Reforma de estofados é um dos trabalhos com os quais Rogério ocupa o tempo na Dênio Moreira
Rogério José Amaral dos Santos, o “Rogerão”, como diz ser conhecido, aquele que no começo da conversa criticou o sensacionalismo da imprensa, disse que o objetivo maior da conversa era informar o que acontece de melhor na penitenciária. “Discutimos isso antes e queremos passar lá para fora o que é construído aqui dentro. O sonho de cada um só será concretizado lá fora se a sociedade entender que o trabalho dentro da unidade prisional é parte da construção desse sonho. O trabalho traz ocupação e permite àqueles que querem, o afastamento do mundo do crime”, afirma. Rogério, que por bom comportamento já conseguiu a progressão de pena, recentemente foi liberado para visitar sua família e retornou para o cumprimento do restante da sua dívida. Enquanto isso, trabalha como estofador e no serviço de corte e costura da PDMC. “Nossos sonhos pessoais, colocamos em prática na medida em que temos a saída temporária, depois o regime aberto e na condicional”, conclui. O último a falar, Marcelo Morais da Silva, disse que começou a trabalhar cedo, mas aos 18 anos teve a trajetória interrompida. Passados 11 anos, sonha em sair da penitenciária, esquecer o tempo do “desvio”, cuidar de sua filha, hoje com sete anos, estudar Ciência da Computação e trabalhar. “O mais importante foi entender que o dinheiro fácil é uma ilusão. Tive momentos de prazeres, mas terminei aqui, na penitenciária” afirma. No cumprimento de pena, trabalha na oficina de corte e costura. Acrescenta que o respeito e a oportunidade de trabalho foram os diferenciais que fizeram sua vida mudar dentro do sistema penitenciário.

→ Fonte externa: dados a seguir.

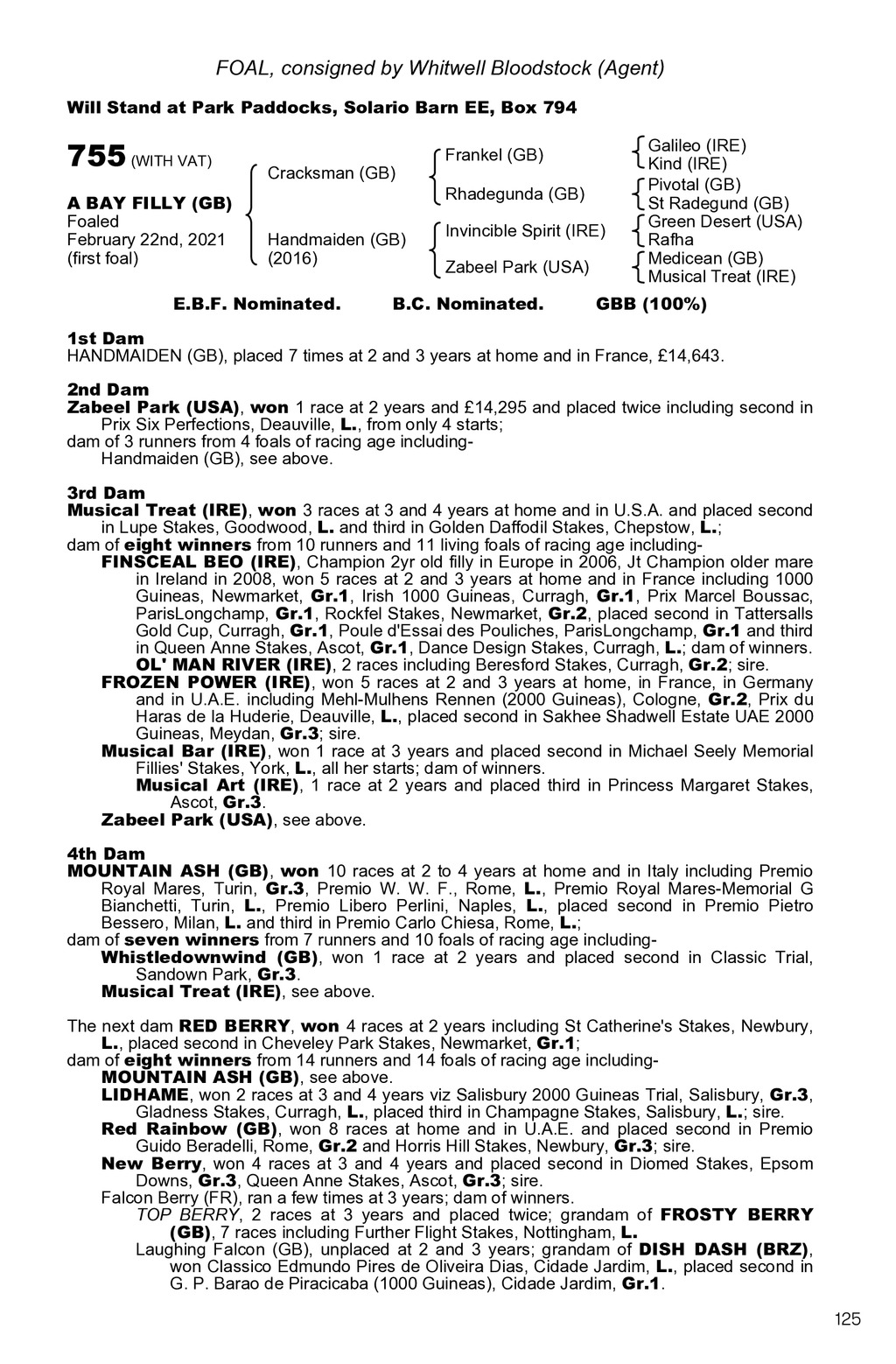 FOAL, consigned by Whitwell Bloodstock (Agent) Will Stand at Park Paddocks, Solario Barn EE, Box 794 755 (WITH VAT) A BAY FILLY (GB) Foaled February 22nd, 2021 (first foal) Cracksman (GB) Handmaiden (GB) (2016) E.B.F. Nominated. Frankel (GB) Rhadegunda (GB) Invincible Spirit (IRE) Zabeel Park (USA) B.C. Nominated. Galileo (IRE) Kind (IRE) Pivotal (GB) St Radegund (GB) Green Desert (USA) Rafha Medicean (GB) Musical Treat (IRE) GBB (100%) 1st Dam HANDMAIDEN (GB), placed 7 times at 2 and 3 years at home and in France, 14,643. 2nd Dam Zabeel Park (USA), won 1 race at 2 years and 14,295 and placed twice including second in Prix Six Perfections, Deauville, L., from only 4 starts; dam of 3 runners from 4 foals of racing age includingHandmaiden (GB), see above. 3rd Dam Musical Treat (IRE), won 3 races at 3 and 4 years at home and in U.S.A. and placed second in Lupe Stakes, Goodwood, L. and third in Golden Daffodil Stakes, Chepstow, L.; dam of eight winners from 10 runners and 11 living foals of racing age includingFINSCEAL BEO (IRE), Champion 2yr old filly in Europe in 2006, Jt Champion older mare in Ireland in 2008, won 5 races at 2 and 3 years at home and in France including 1000 Guineas, Newmarket, Gr.1, Irish 1000 Guineas, Curragh, Gr.1, Prix Marcel Boussac, ParisLongchamp, Gr.1, Rockfel Stakes, Newmarket, Gr.2, placed second in Tattersalls Gold Cup, Curragh, Gr.1, Poule d Essai des Pouliches, ParisLongchamp, Gr.1 and third in Queen Anne Stakes, Ascot, Gr.1, Dance Design Stakes, Curragh, L.; dam of winners. OL MAN RIVER (IRE), 2 races including Beresford Stakes, Curragh, Gr.2; sire. FROZEN POWER (IRE), won 5 races at 2 and 3 years at home, in France, in Germany and in U.A.E. including Mehl-Mulhens Rennen (2000 Guineas), Cologne, Gr.2, Prix du Haras de la Huderie, Deauville, L., placed second in Sakhee Shadwell Estate UAE 2000 Guineas, Meydan, Gr.3; sire. Musical Bar (IRE), won 1 race at 3 years and placed second in Michael Seely Memorial Fillies Stakes, York, L., all her starts; dam of winners. Musical Art (IRE), 1 race at 2 years and placed third in Princess Margaret Stakes, Ascot, Gr.3. Zabeel Park (USA), see above. 4th Dam MOUNTAIN ASH (GB), won 10 races at 2 to 4 years at home and in Italy including Premio Royal Mares, Turin, Gr.3, Premio W. W. F., Rome, L., Premio Royal Mares-Memorial G Bianchetti, Turin, L., Premio Libero Perlini, Naples, L., placed second in Premio Pietro Bessero, Milan, L. and third in Premio Carlo Chiesa, Rome, L.; dam of seven winners from 7 runners and 10 foals of racing age includingWhistledownwind (GB), won 1 race at 2 years and placed second in Classic Trial, Sandown Park, Gr.3. Musical Treat (IRE), see above. The next dam RED BERRY, won 4 races at 2 years including St Catherine s Stakes, Newbury, L., placed second in Cheveley Park Stakes, Newmarket, Gr.1; dam of eight winners from 14 runners and 14 foals of racing age includingMOUNTAIN ASH (GB), see above. LIDHAME, won 2 races at 3 and 4 years viz Salisbury 2000 Guineas Trial, Salisbury, Gr.3, Gladness Stakes, Curragh, L., placed third in Champagne Stakes, Salisbury, L.; sire. Red Rainbow (GB), won 8 races at home and in U.A.E. and placed second in Premio Guido Beradelli, Rome, Gr.2 and Horris Hill Stakes, Newbury, Gr.3; sire. New Berry, won 4 races at 3 and 4 years and placed second in Diomed Stakes, Epsom Downs, Gr.3, Queen Anne Stakes, Ascot, Gr.3; sire. Falcon Berry (FR), ran a few times at 3 years; dam of winners. TOP BERRY, 2 races at 3 years and placed twice; grandam of FROSTY BERRY (GB), 7 races including Further Flight Stakes, Nottingham, L. Laughing Falcon (GB), unplaced at 2 and 3 years; grandam of DISH DASH (BRZ), won Classico Edmundo Pires de Oliveira Dias, Cidade Jardim, L., placed second in G. P. Barao de Piracicaba (1000 Guineas), Cidade Jardim, Gr.1. 125

Segundo Marcelo, antes de Ipaba o seu sentimento como preso era de revolta, tinha vontade de fugir e continuar no crime. “Encontrei fortalecimento para a vida correta aqui”, concluiu.    Ao término da reunião, o diretor Adão dos Anjos disse que o comportamento dos homens em cumprimento de pena na PDMC reflete o pensamento repassado a todos que chegam à penitenciária: “Quando você passa do portão principal para dentro, não importa mais o que aconteceu lá fora. Importa o que você será aqui dentro”.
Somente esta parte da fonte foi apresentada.